Een keurige school (Crisis in opvoedland 2)
Mijn dochter, die in de eerste klas van de middelbare school zit, had een week geen les. Er was poëzie-projectweek. Onder deskundige begeleiding schreven kinderen gedichten die ze op versierde houten koffertjes plakten. Het gedicht van mijn dochter ging over haar kleine broertje. Haar koffer was hemelsblauw en van binnen geel. Mijn dochter was er tevreden over. Een geslaagd project.
Ter afsluiting mochten veertig leerlingen hun gedicht voordragen in de Openbare Bibliotheek. Ook het gedicht van mijn dochter was geselecteerd. Ouders waren van harte welkom, meldde ze. En zo sloop ik op een maandagmiddag om half twee zo onzichtbaar mogelijk de hypermoderne theaterzaal in de nieuwe Openbare Bibliotheek in Amsterdam binnen. In elk van de tweehonderd heerlijke wegzakstoelen zat een eersteklasser die voor de gelegenheid de laatste twee uur vrij had gekregen en een show kreeg voorgeschoteld om zijn of haar pubervingers bij af te likken.
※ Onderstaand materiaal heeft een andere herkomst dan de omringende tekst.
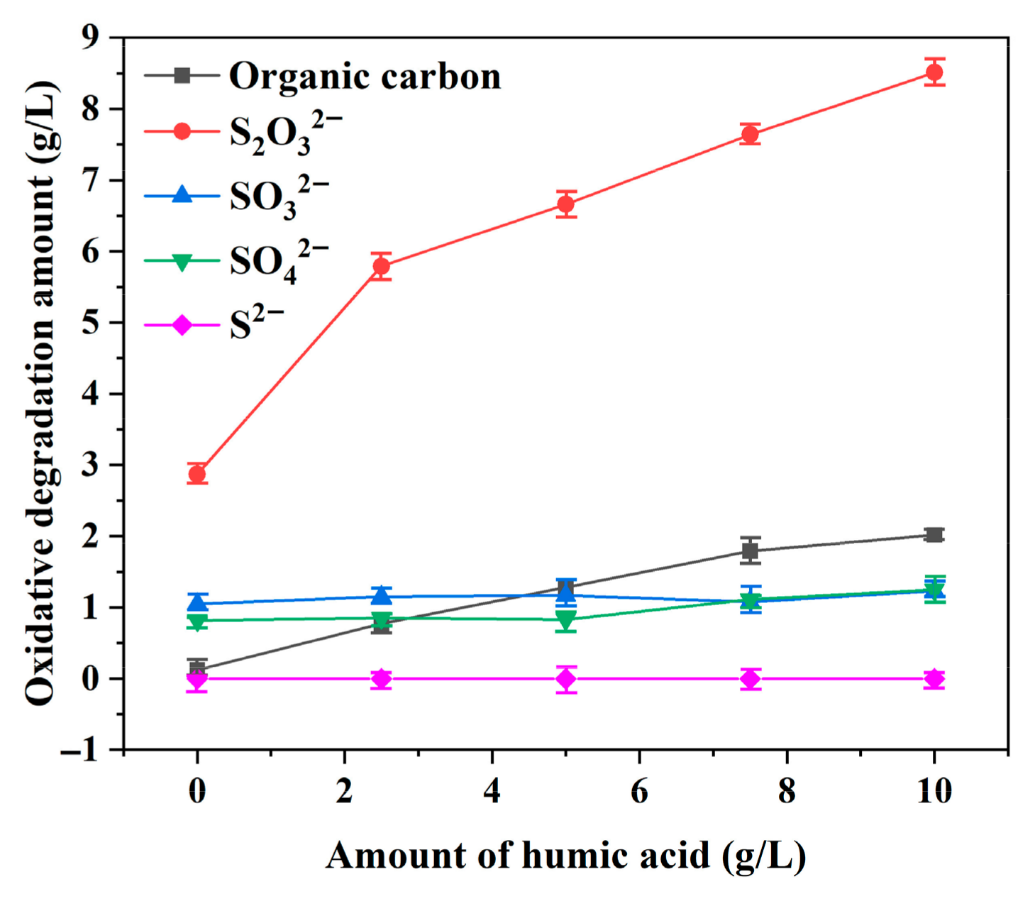 - Under the high-temperature and highly alkaline digestion conditions of the Bayer process, fulvic acid and its transformed organic derivatives accelerate the dissolution of pyrite by complexing with iron ions, thereby disrupting the hydrophilic iron hydroxide (or ferrous hydroxide) film formed on the pyrite surface. This leads to a sharp increase in the iron concentration in the digested liquor. The iron content in the digestion solution increased by 1.6 times (from 0.08 to 0.208 g/L) when the amount of humic acid added increased from 0 to 10 g/L.

De voordrachten werden begeleid door live muziek, er waren optredens door professionele break- en tapdancers, en een niet-saaie eigentijdse dichter las twee piepkleine stukjes uit eigen werk voor. Het geheel werd aan elkaar gepraat door een coole presentator die daarbij geholpen werd door twee assistenten op skates. Kortom: een perfect op de doelgroep toegesneden middagje uit.
De gedichten waren allemaal aandoenlijk, sommigen waren ontroerend en hier en daar hoorde ik écht iets bijzonders. Ik had me dan ook uitstekend vermaakt, ware het niet dat op de laatste rijen van het theater circa veertig leerlingen zich misdroegen. Het was alsof ik op vrijdagavond was aangeschoven bij een ranzige tienerfilmvertoning in de Citybioscoop. Er werd keihard gepraat, gelachen, gejoeld, gegild en aan een stuk door op en neer gelopen.
Nu is de school van mijn dochter een keurige school. Het gros van de ouders van deze kinderen heeft een abonnement op de Stopera, of gaat op zijn minst regelmatig naar het toneel. De leerlingen wéten echt wel hoe het hoort. Toch konden ze de drang om vervelend te zijn niet weerstaan. Het schijnt dat ze dat niet kunnen helpen. Het ligt aan hun onvolgroeide garnalenverstandjes. Jammer is wel dat ook het volwassenenbrein met dit gedrag geen raad weet. De coole presentator vroeg heel beleefd een paar keer om stilte. Dat hielp niets. De docenten van de school, die op de eerste rij zaten, stonden af en toe op om machteloos in het gangpad te sissen naar de joelers. Dat hielp ook niets. Geen van de gangmakers werd achteraf bestraft. Het project was voorbij.
Zelf bleef ik achter met veel vragen: zijn deze verwende, geprivilegieerde kindertjes uit Amsterdam-Zuid al dat subsidiegeld wel waard? Zijn poëzie-projectweken geen parels voor zwijntjes? En: hoe voorkom je dat die zwijntjes het verpesten voor de brave, geïnteresseerde varkentjes? Maar ook: stel dat de zaal gevuld was geweest met vervelende Marokkaanse VMBO-gangers? Had het dan de krant gehaald?